Future PTM researchers will not need to predetermine the fragmentation approach or energy levels, says Andreas Huhmer. Credit: Thermo Fisher Scientific

Quantifying PTMs from the peptide fragmentation pattern lets scientists “get a tighter look” at where a PTM is localized and allows them to resolve two different forms of a peptide modified by PTMs, Hunter says. The use of intact peptide mass in PTM analysis has shortcomings, as there may be more than one site where the modification can occur, says Seymour. “You need the fragmentation information to localize the modification where this ambiguity exists,” he says.

Advanced mass spectrometry fragmentation, such as collision-induced dissociation and electron-transfer dissociation (ETD), has improved the efficiency of obtaining the amino acid sequence of proteins and finding modification sites. Although ETD can be well suited for specific PTMs, AB Sciex's instruments are all based on collision-induced fragmentation, which is “generically useful” for studying peptides, including those with PTMs, says Hunter.

To enable comprehensive mapping of modifications to particular amino acids in a protein, AB Sciex fosters academic collaborations in the area of algorithm development, Hunter says. Researchers will be able to transfer their data from the company's software into open-source tools. When possible, data converters and other tools will be provided to let them do so.

She believes SWATH simplifies running the mass spectrometer's acquisition mode. The approach makes PTM analysis more accessible to labs. “You don't have to be an MS expert to collect the data,” she says.

Ease of use is also a focus at Thermo Fisher Scientific, says Andreas Huhmer, who is the company's 'omics marketing director. Mass spectrometer vendors compete to deliver precision measurement to scientists, quantifying proteins down to a mass error of 10 parts per million. Given that adding a single phosphate group to a 100,000-dalton protein changes its mass by only around 80 daltons, that precision is required in PTM research, he says.

The company's Orbitrap offers high resolution at low mass-to-charge (m/z) ratios, but the resolution “falls off as it gets to higher m/z,” whereas the time-of-flight analyzer is better at higher m/z, Huhmer says. In his view though, the Orbitrap offers higher resolution overall than time-of-flight analyzers. His team wants to help apply these methods because peptide enrichment in mass spectrometry calls for a buffer that must become volatile. “If it doesn't, it will just clog up the instrument and you will have a million-dollar instrument just sitting there doing nothing,” Huhmer says.

The fragmentation approach used to characterize PTMs also matters. For example, when the standard collision-induced dissociation fragmentation approach is applied to a peptide modified by a phosphate group, the phosphate group pops off. “You have no idea where that thing came from because the peptide itself hasn't fragmented,” he says.
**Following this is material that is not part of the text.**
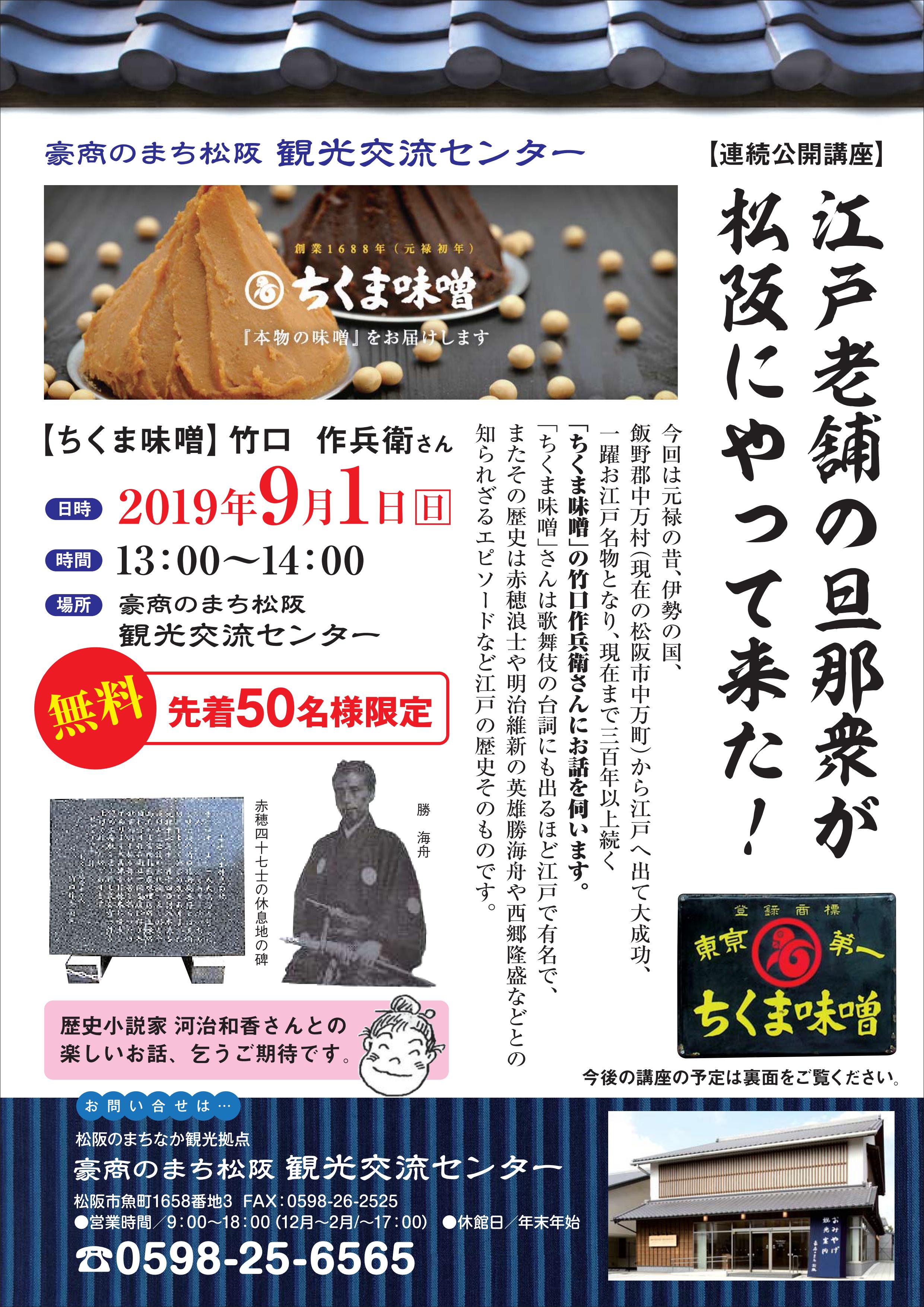 2019 年9月1日(日)13:00~「江戸老舗の旦那衆がやって来た!」ちくま味噌17代目 竹口 作兵衛さま

A researcher will not know which amino acid has been modified.

Huhmer says Thermo Fisher Scientific's instruments are well suited to PTM analysis due to the ETD functionality built into its mass spectrometers since 2006, a method developed in Don Hunt's lab at the University of Virginia. “It was very clear it was a breakthrough in terms of analyzing PTMs, and we made the decision to invest in that and build that,” Huhmer says.
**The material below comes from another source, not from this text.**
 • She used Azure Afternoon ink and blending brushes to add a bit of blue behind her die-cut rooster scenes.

With this technique, the peptide fragments in a way that preserves the position of the phosphate group. “It has changed the way people can look at many, many, many of these phosphorylation events,” he says, and at other labile modifications. Although other vendors offer ETD, he feels Thermo's implementation is the most practical.
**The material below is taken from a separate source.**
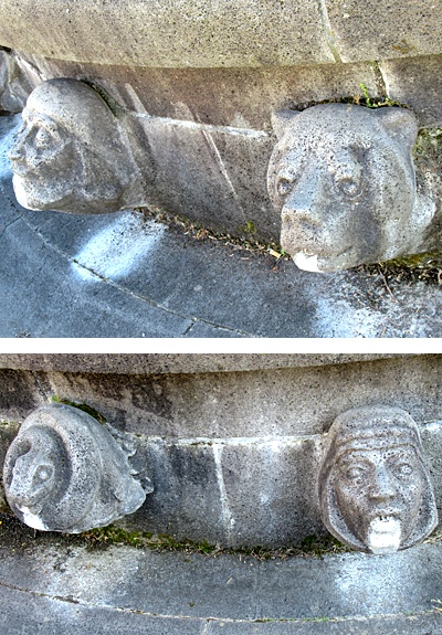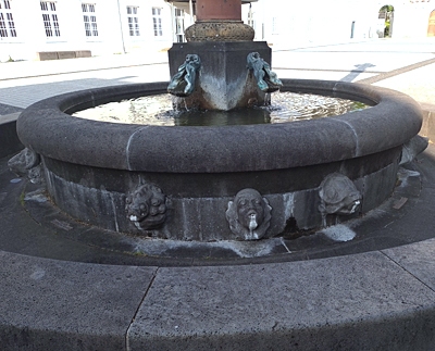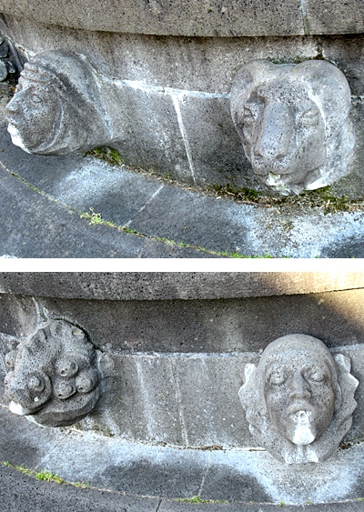 Darunter speien Köpfe von vier Landtieren, vier Wassertieren und vier Menschenwesen jede volle Stunde für einige Minuten frisches Wasser, das die Pilger einladen will, ihre müden Füße zu kühlen, bevor sie das letzte Stück des als Straße auf dem Platz markierten Weges gehen, der sie ans Ziel ihrer Wallfahrt führt: zum Grab des Apostels Matthias. [...] [2]

While working toward making its instrument “smart enough to decide what to do when it has a complex sample that has lots of PTMs,” his company also cultivates academic collaborations, which are intensifying in the area of algorithm development, he says. A future PTM researcher will not need to predetermine the fragmentation approach or energy levels. “You tell the instrument, 'I am going to do a phosphopeptide,' and the instrument knows, 'Oh, I need to watch out for these things, and then, when I see them, I need to act in a particular way,'” says Huhmer.